Expressions such as, “All’s well that ends well”, are always based on some commonly shared human knowledge of experience. Interestingly, the expressions can change meaning when cultural attitudes and languages change; projecting new attitudes through the use of new interpretations for old proverbs. As meanings become reimagined, they may then become attributed to more recent sources; sources which support the new message to be communicated. Such may be the case for our little proverb about ending well. The original proverb dates from at least 1425, in a recording of the poem, “The Proverbs of Hendyng”: “Wel is him bat wel ende mai” (Well is him that may end well). This would appear to be a comment referring to a very personal situation. It seems to imply that it is a great fortune for a person to be allowed an ending which is considered to be good. What “ending well” might be, is left unsaid. From those words, we do not really know for sure what “ending well” means. It could refer the state of: a good death, a particularly valued social status, or a variable outcome which is dependant on the person’s situation. That is the nature of proverbs. Their meanings are time and culture dependant. It is only after the meaning is already well-known and understood by the populace, that the shorthand expression can deliver the message correctly. The people of the time or era in question, will all easily recognise the proverb and appropriately apply the correct meaning to the situation at hand.

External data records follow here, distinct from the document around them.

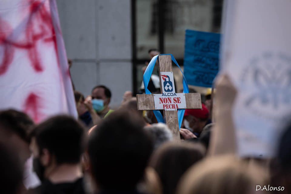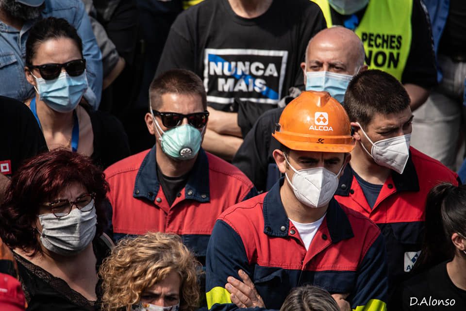 Nunha protesta que os sindicatos enfocaron como “a manifestación das familias“, o acto reivindicativo serviu para simbolizar -os veciños con camisolas negras e ataúdes en sinal de loito, entre traballadores vestidos de faena- a importancia socioeconómica que ten para a comarca da Mariña Lucense a produción de aluminio, unha actividade que durante máis de catro décadas garantiu estabilidade laboral na zona e soldos dignos. Os obreiros reclaman a Alcoa que retire o ERE anunciado e ao Goberno central que interveña a planta e aprobe unha tarifa eléctrica que favoreza a continuidade da produción.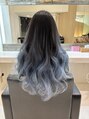 地毛カラーなしエクステでブルーグラデーションロングヘアUP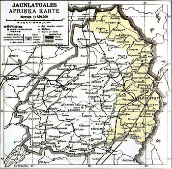 В 1933 году посёлок Яунлатгале получил статус города[2][4]. Его население было многонациональным и многоконфессиональным. По состоянию на 1935 год в Яунлатгале проживали русские (626 чел., или 50,4 % из 1242 жителей), латыши (479 чел., или 38,6 %), евреи (61 чел., или 4,9 %), белорусы (25 чел., или 2,0 %), поляки (24 чел., или 1,9 %), эстонцы (10 чел., или 0,8 %), немцы, литовцы и др.[28] На конец 1935 года в городе насчитывалось 114 домов — 105 одноэтажных и 9 двухэтажных (среди них было 6 кирпичных домов, 103 деревянных и 5 смешанных). Действовали государственная гимназия, двухгодичная сельскохозяйственная школа, латышская и русская основные школы.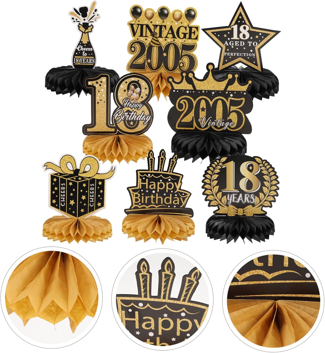 DECORAZIONI DI COMPLEANNO - decorazioni per feste di compleanno in oro nero bellissimi oggetti di scena per foto, decorativi e chic, delicati e creativi, buone decorazioni per festival. CENTROTAVOLA A NIDO D'APE PER DICIOTTO COMPLEANNI: bellissimi oggetti di scena per foto, decorativi e chic, delicati e creativi, buone decorazioni per festival. OGGETTI DI SCENA PER IL COMPLEANNO: l'arredamento a nido d'ape può posizionato sul desktop, sul o appeso al soffitto, DICIOTTO OGGETTI DI SCENA PER CABINE FOTOGRAFICHE DI COMPLEANNO: decorazioni per feste di compleanno in oro nero perfette decorazioni per feste di compleanno o regali di Natale per portare gioia a te e ai tuoi ospiti. DECORAZIONI PER DESKTOP DI COMPLEANNO: puoi anche usare questi ornamenti per scattare foto più e lasciare momenti indimenticabili.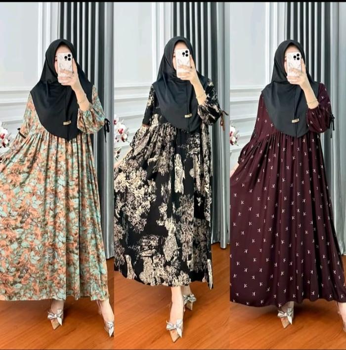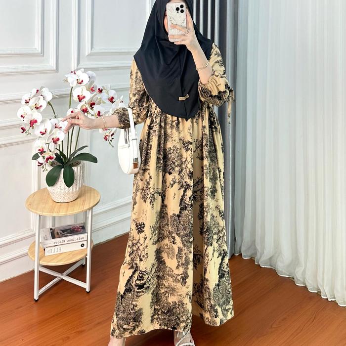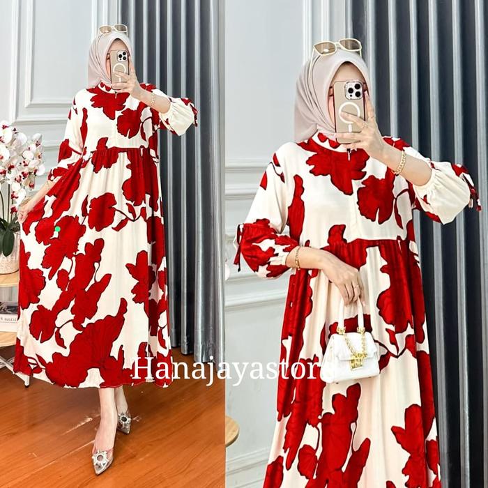 MIDDI DRESS PITA LENGAN BALON BAHAN RAYON DIAM0ND BUNGA CANTIK - DIAM0ND HITAM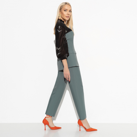 Испытываете ли вы необходимость обновить гардероб для рабочей недели или особых случаев? Оптовая покупка брючного костюма от CHARUTTI станет вашим спасением! Этот костюм создан для тех, кто ценит как удобство, так и стиль. Используемая ткань – габардин и шифон – обеспечивает непревзойденную элегантность и долговечность. Комбинация укороченных брюк и приталенного верха создает эффект идеального лицевого силуэта. Закажите оптом, чтобы не беспокоиться о том, что надеть на любую встречу или праздник.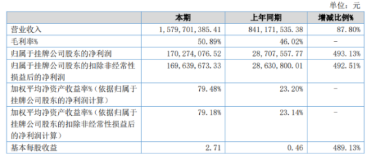 遨森电商近日发布2020年半年度报告,截止2020年6月30日,2020年上半年公司实现营业收入1,579,701,385.41元,同比增长87.80%;实现归属于上市公司股东的净利润170,274,076.52元,同比增长493.13%。

In 1546, the same proverb was recorded by John Heywood in “A Dialogue Conteinyng the Nomber in Effect of all the Prouerbes in the Englishe Tongue”, written in late Middle English.
Lovers live by love, ye as larkes live by leeks
Said this Ales, muche more then halfe in mockage.

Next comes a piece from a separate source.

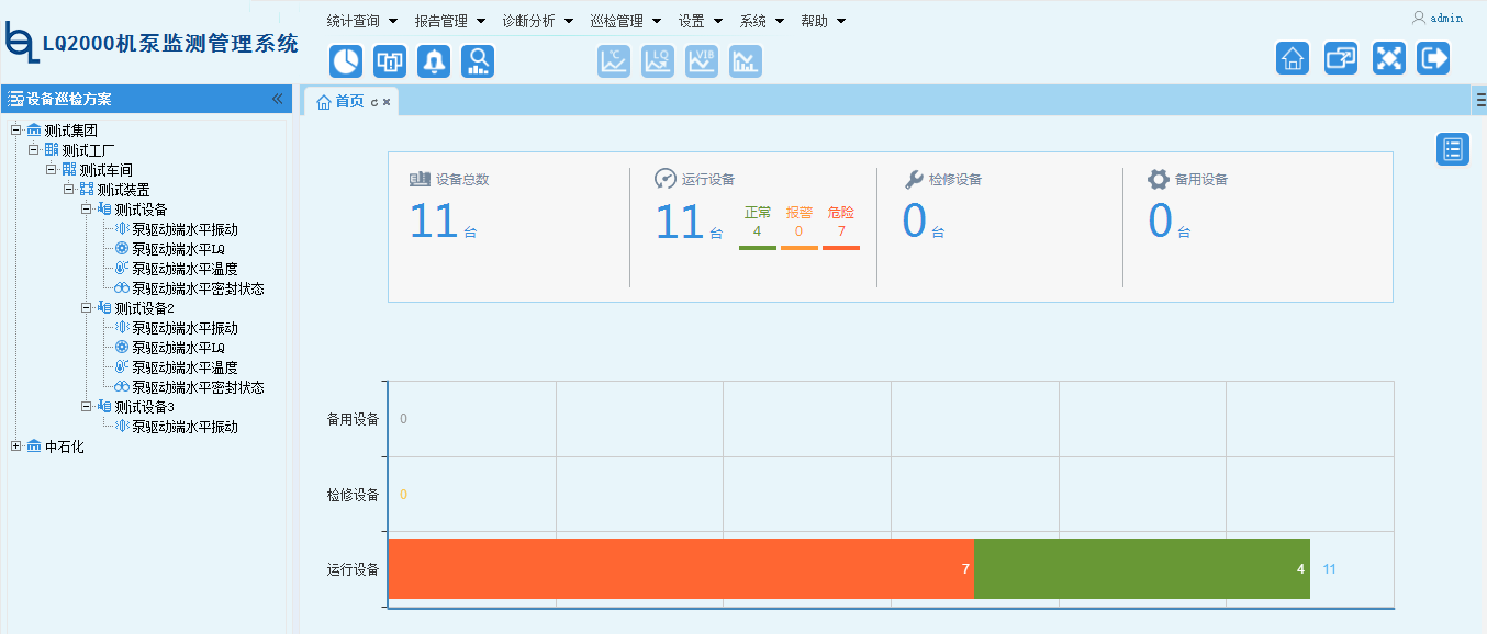 上位機分析軟件具有振動波形頻譜分析、趨勢查詢、報警查詢、設備運行狀態(tài)查詢、設備數(shù)據(jù)統(tǒng)計報告、診斷報告編寫、巡檢計劃編制、設備管理功能。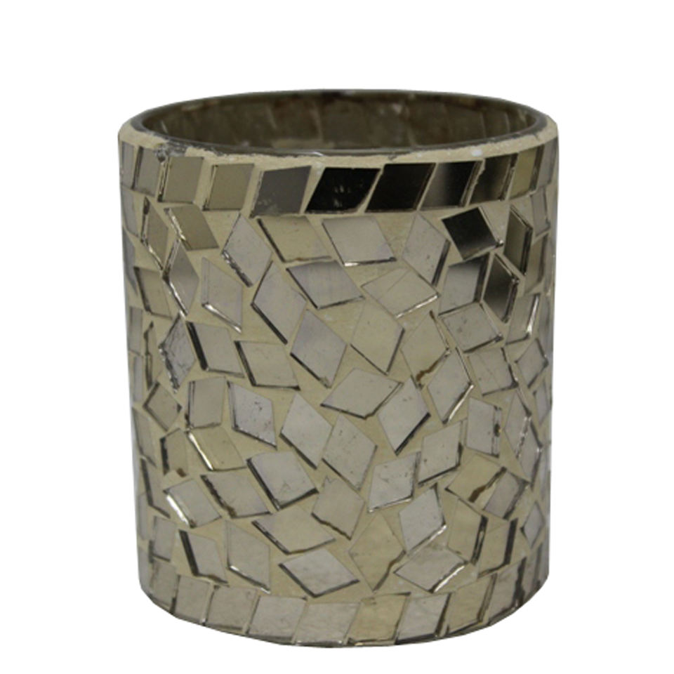Modern Decorative Glass Votive Holder Mirror Mosaic Candle Jar for Living Room & Tabletop Decoration Handmade

Tushe (quoth mine aunte) these lovers in dotage
Thinke the ground beare them not, but wed of corage
They must in all haste, though a leafe of borage
Might by all the substance that they can fell.

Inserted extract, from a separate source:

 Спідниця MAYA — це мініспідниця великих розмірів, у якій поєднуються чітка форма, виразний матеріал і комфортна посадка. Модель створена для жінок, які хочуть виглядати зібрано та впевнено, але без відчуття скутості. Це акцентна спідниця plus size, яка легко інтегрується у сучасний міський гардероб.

Wel aunt (quoth Ales) all is well that endes well.
From our point in time and culture the meaning of the above quote is uncertain. My interpretation may well have little in common with the author’s intended use. Whereas, his contemporaries would have immediately grasped the gist of what was being said and why; I am left completely in the dark to make an uneducated guess as to what might be meant. I had never before heard the expressions from the 1425 and 1546 quotes used in any context from those periods. Being from a more modern point in time, I am familiar with the phrase “All’s well that ends well” and I recognise it as being the title of a Shakespearean play from 1601; which is written in Elizabethan English. The scenario of that play is quite tortuous, with many changes of venue, confusions of characters, mixings of emotions, and twistings of plots; culminating in the so-called “well-ending” which ends the play. Shakespeare also uses this phrase in the dialogue of the text:
Yet, I pray you:
But with the word the time will bring on summer,
When briers shall have leaves as well as thorns,
And be as sweet as sharp. We must away;
Our wagon is prepared, and time revives us:
All’s well that ends well; still the fine’s the
Whate’er the course, the end is the renown.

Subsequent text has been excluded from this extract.